→ **WORK REQUEST**
No pictures belong in the copy. Retype exactly, and only, the stretch of lines below from the one with "ВОЙТИШКИН ДМИТРИЙ заслуженный" through the one with "圖 3、佛頂心陀羅尼經 湖林博物館藏".

→ **AVAILABLE DATA**

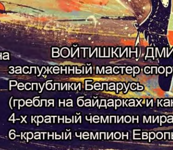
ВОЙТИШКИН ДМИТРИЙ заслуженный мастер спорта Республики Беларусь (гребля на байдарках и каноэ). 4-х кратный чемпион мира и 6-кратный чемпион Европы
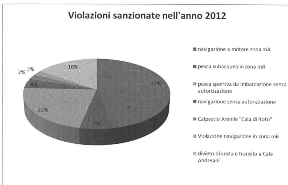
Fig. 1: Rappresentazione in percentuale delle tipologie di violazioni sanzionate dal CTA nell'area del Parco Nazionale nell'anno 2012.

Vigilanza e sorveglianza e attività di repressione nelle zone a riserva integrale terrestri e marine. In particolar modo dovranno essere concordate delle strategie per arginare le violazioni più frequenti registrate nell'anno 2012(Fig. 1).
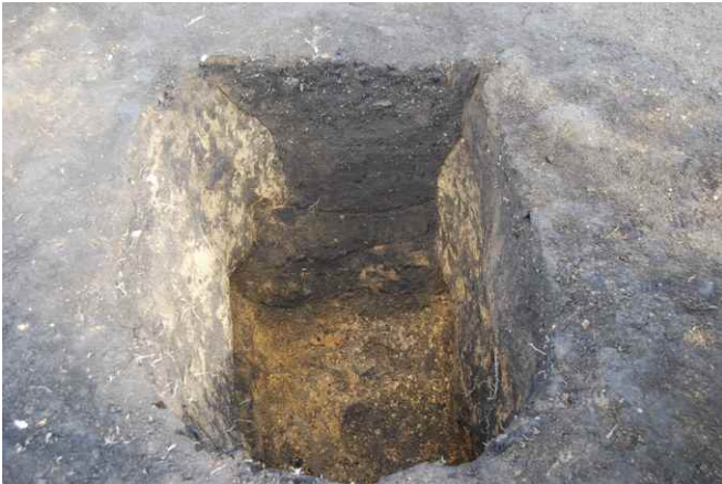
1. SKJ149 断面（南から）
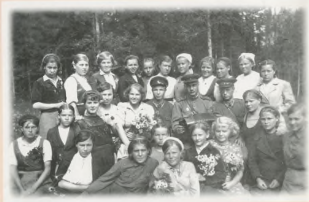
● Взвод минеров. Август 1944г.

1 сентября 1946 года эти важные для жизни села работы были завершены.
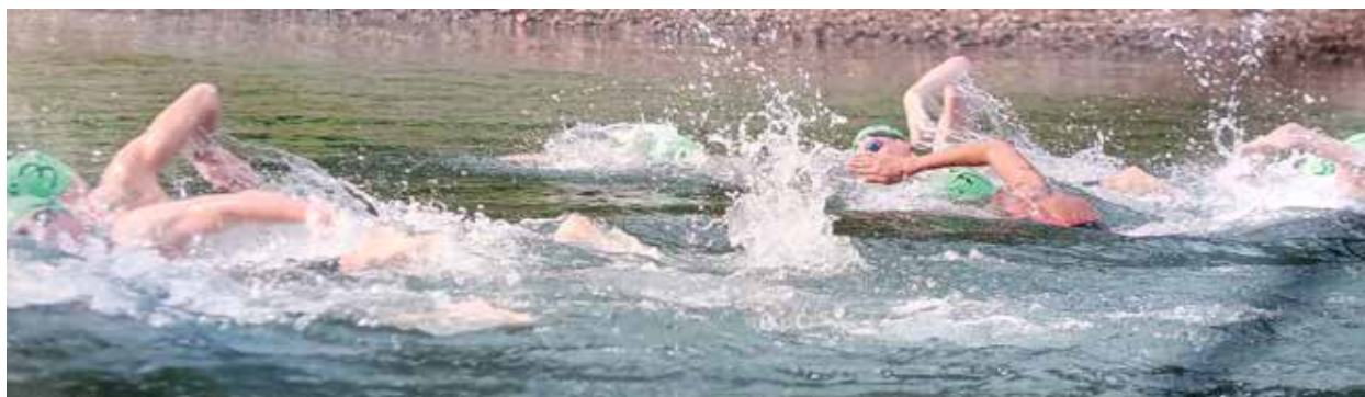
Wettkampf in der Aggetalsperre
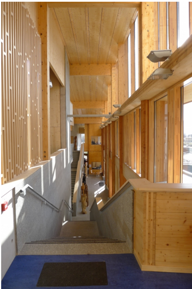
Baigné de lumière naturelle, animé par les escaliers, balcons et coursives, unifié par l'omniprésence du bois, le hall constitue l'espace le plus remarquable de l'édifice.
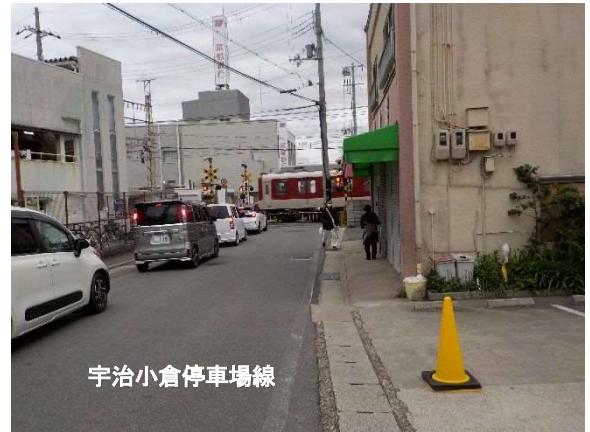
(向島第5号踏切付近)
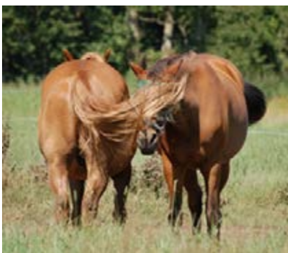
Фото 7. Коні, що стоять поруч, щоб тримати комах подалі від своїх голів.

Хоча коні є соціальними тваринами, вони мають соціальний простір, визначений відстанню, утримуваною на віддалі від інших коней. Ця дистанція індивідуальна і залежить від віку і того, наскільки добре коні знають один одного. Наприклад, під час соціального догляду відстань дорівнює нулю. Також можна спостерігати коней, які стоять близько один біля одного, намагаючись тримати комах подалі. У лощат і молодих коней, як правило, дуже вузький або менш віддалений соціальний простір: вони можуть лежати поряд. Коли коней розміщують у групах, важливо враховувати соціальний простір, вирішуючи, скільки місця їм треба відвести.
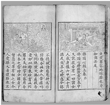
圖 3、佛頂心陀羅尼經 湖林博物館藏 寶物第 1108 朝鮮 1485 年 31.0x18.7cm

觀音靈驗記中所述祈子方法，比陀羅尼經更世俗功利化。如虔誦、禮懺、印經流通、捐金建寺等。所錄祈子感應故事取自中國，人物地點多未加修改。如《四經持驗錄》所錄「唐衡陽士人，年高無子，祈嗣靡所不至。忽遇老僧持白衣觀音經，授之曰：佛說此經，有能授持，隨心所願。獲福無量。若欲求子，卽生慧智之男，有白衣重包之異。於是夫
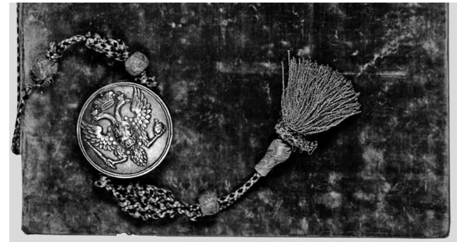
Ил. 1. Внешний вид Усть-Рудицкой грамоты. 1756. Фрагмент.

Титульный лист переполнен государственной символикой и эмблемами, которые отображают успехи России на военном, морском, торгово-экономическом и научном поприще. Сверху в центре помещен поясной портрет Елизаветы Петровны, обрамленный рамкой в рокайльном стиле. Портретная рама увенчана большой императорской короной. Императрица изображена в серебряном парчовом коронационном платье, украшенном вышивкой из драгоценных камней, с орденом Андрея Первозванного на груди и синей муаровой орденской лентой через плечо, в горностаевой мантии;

--

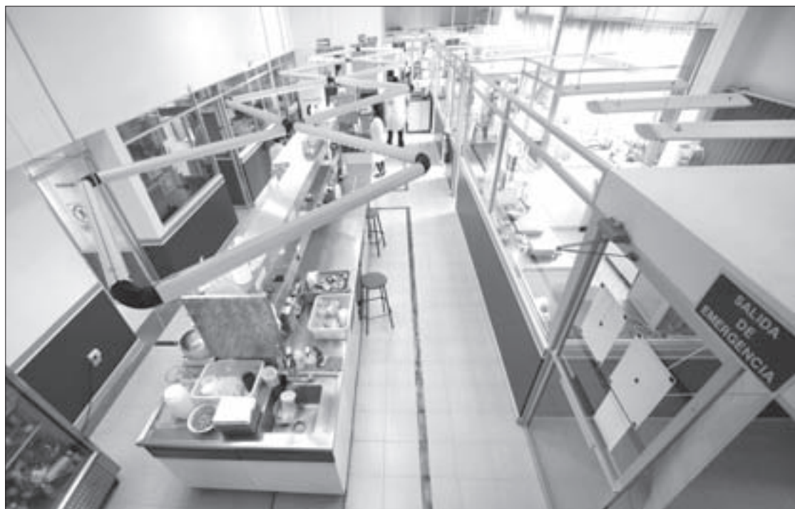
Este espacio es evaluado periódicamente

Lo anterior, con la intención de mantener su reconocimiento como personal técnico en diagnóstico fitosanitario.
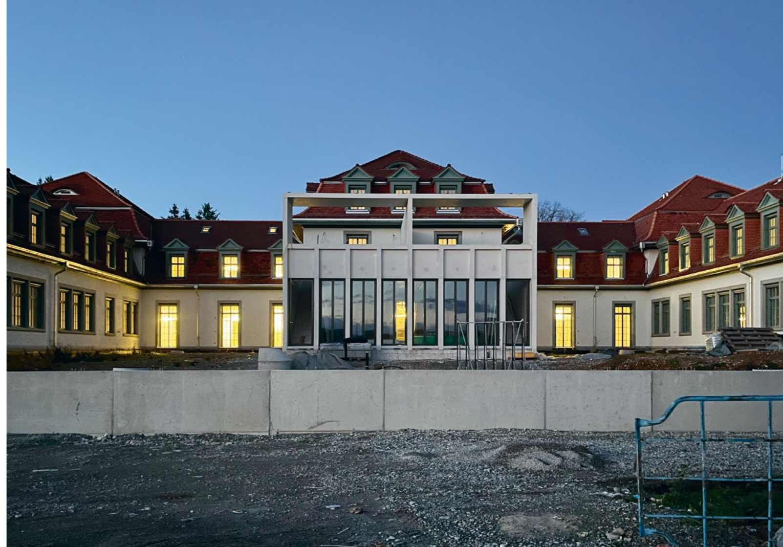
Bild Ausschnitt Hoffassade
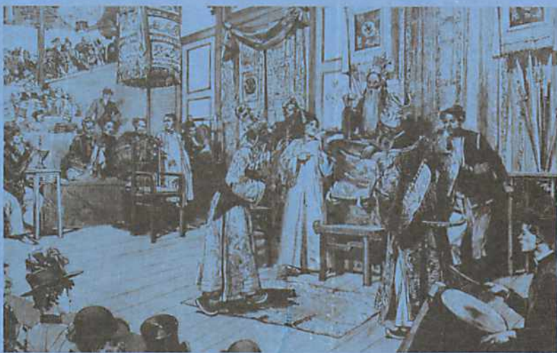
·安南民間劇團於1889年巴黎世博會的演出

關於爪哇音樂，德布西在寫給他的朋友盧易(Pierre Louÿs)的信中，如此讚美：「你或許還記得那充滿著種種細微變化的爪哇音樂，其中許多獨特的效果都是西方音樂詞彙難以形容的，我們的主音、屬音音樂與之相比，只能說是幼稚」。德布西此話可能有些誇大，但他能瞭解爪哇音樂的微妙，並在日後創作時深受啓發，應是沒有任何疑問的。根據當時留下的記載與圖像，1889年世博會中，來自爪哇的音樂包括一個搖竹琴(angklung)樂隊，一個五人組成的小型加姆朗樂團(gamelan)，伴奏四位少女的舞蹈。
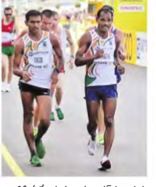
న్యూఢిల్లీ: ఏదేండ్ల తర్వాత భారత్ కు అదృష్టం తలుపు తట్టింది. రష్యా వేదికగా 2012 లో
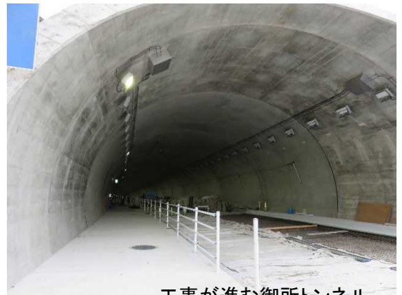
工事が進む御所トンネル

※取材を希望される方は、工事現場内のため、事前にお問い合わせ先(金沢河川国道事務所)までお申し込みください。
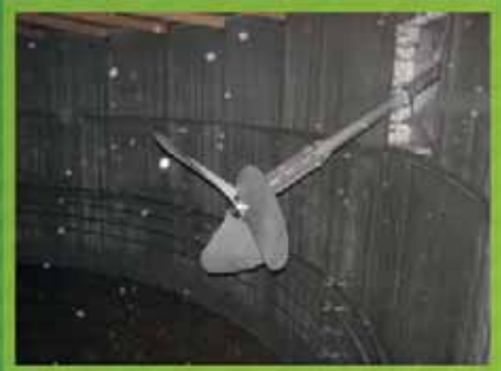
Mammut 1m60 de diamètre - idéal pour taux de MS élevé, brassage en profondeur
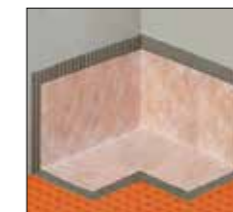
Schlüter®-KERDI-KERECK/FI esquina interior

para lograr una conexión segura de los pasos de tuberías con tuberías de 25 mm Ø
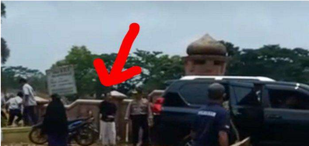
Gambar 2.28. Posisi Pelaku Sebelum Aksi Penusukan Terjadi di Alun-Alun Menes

==

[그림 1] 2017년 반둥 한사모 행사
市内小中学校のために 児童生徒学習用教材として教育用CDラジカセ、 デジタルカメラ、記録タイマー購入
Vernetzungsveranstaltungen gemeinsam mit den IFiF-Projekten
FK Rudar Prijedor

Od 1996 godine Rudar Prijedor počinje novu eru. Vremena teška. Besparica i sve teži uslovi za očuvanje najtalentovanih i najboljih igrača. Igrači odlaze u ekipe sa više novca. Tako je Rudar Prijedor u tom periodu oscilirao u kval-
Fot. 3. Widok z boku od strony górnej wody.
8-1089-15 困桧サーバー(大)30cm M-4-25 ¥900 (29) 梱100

→ **TASK ANSWER**
ВОЙТИШКИН ДМИТРИЙ заслуженный мастер спорта Республики Беларусь (гребля на байдарках и каноэ). 4-х кратный чемпион мира и 6-кратный чемпион Европы
Fig. 1: Rappresentazione in percentuale delle tipologie di violazioni sanzionate dal CTA nell'area del Parco Nazionale nell'anno 2012.

Vigilanza e sorveglianza e attività di repressione nelle zone a riserva integrale terrestri e marine. In particolar modo dovranno essere concordate delle strategie per arginare le violazioni più frequenti registrate nell'anno 2012(Fig. 1).
1. SKJ149 断面（南から）
● Взвод минеров. Август 1944г.

1 сентября 1946 года эти важные для жизни села работы были завершены.
Wettkampf in der Aggetalsperre
Baigné de lumière naturelle, animé par les escaliers, balcons et coursives, unifié par l'omniprésence du bois, le hall constitue l'espace le plus remarquable de l'édifice.
(向島第5号踏切付近)
Фото 7. Коні, що стоять поруч, щоб тримати комах подалі від своїх голів.

Хоча коні є соціальними тваринами, вони мають соціальний простір, визначений відстанню, утримуваною на віддалі від інших коней. Ця дистанція індивідуальна і залежить від віку і того, наскільки добре коні знають один одного. Наприклад, під час соціального догляду відстань дорівнює нулю. Також можна спостерігати коней, які стоять близько один біля одного, намагаючись тримати комах подалі. У лощат і молодих коней, як правило, дуже вузький або менш віддалений соціальний простір: вони можуть лежати поряд. Коли коней розміщують у групах, важливо враховувати соціальний простір, вирішуючи, скільки місця їм треба відвести.
圖 3、佛頂心陀羅尼經 湖林博物館藏 寶物第 1108 朝鮮 1485 年 31.0x18.7cm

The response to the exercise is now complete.